Login and authentication
Any user which requires interaction with the realm, either via authorization request or via web/console access, needs to validate its identity via authentication. The process is handled by identity providers, and requires users to perform a login process where they enter their credentials and receive in response an authentication token.
AAC binds authentication tokens, subjects and users into a specific session, which is given a unique random (and hard-to-guess) identifier and is then bound to the user agent either via cookie or via request parameter.
From now on, the authenticated user won’t be asked to sign-in again until the sessions is either expired or terminated.
Session expiration and renewal
Sessions are persisted in AAC and keep an immutable reference to their creation time, which is usually the same as login, and their duration, which enables the system to calculate an expiration time. When a session expires, AAC invalidates the identifier, drops all the associated information and performs the logout from the interface. At the same time, every pending authorization request (for example an OAuth2 code redemption) will be invalidated.

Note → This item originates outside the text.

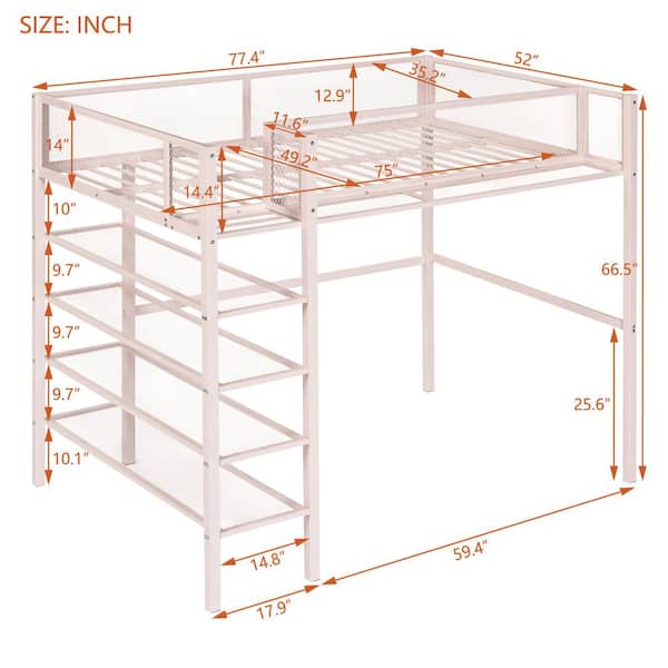 Pink Twin Size Metal Loft Bed with 4-Tier Shelves and Bedside Storage Shelve

Users which are active, which means they performed some kind of interaction with either the web interface or the developer console, can extend the duration of their session, effectively moving forward the session’s expiration. This mechanism is subject to security, architectural and usability requirements and is not customizable by administrators.
OpenID session management
The OpenID Connect framework contains a specific set of specifications for session management, single logout and front/back channel logout. While AAC aims to fully support all these standards, as of now the implementation is limited to a partial front channel single logout approach.
AAC exposes an /endsession
endpoint, which when instructed from a valid client with an id_token
matching the current user session, will instruct AAC to perform global logout.
The global logout terminates the user session at AAC, and will eventually signal to all the clients which obtained a token from the same session that the user is no longer connected.
This section will be updated with details when AAC will fully support the standards.